• **AIM OF THE EXERCISE**:
Retype the following data exactly, but leave its pictures out.

• **COLLECTED MATERIAL**:
=== Begin Enclosure ===

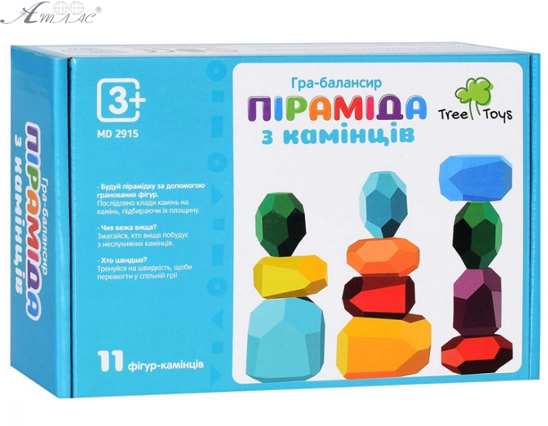 Іграшка Дерев'яна Пірамідка з камінців 11 фігур MD2915
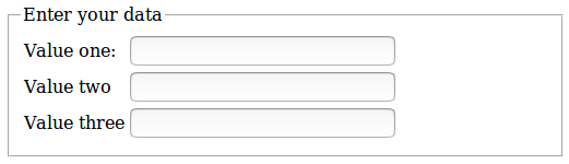 <legend>Enter your data</legend> <!-- legend: place a title onto the border -->
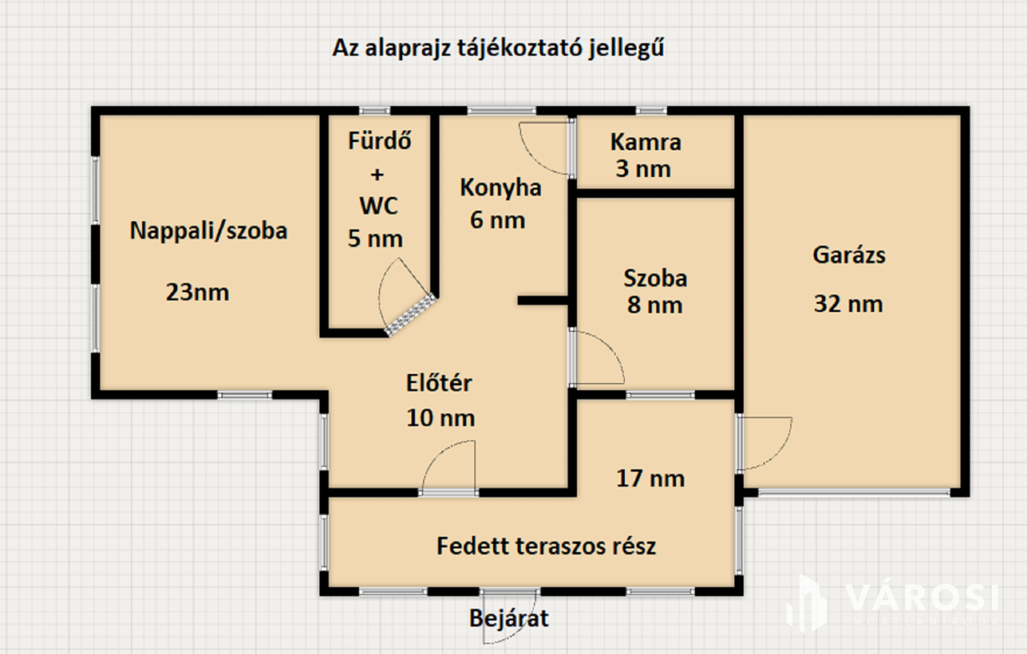 A lakóház rész 73 nm hasznos alapterületű. Ehhez jön pluszba egy 32 nm nagyságú garázs. A képek között megtalálható egy tájékoztató jellegű alaprajz, azon a pontos nm felbontások is fel vannak tüntetve.

=== End Enclosure ===

• **ANSWER SPACE**:
 Іграшка Дерев'яна Пірамідка з камінців 11 фігур MD2915
 <legend>Enter your data</legend> <!-- legend: place a title onto the border -->
 A lakóház rész 73 nm hasznos alapterületű. Ehhez jön pluszba egy 32 nm nagyságú garázs. A képek között megtalálható egy tájékoztató jellegű alaprajz, azon a pontos nm felbontások is fel vannak tüntetve.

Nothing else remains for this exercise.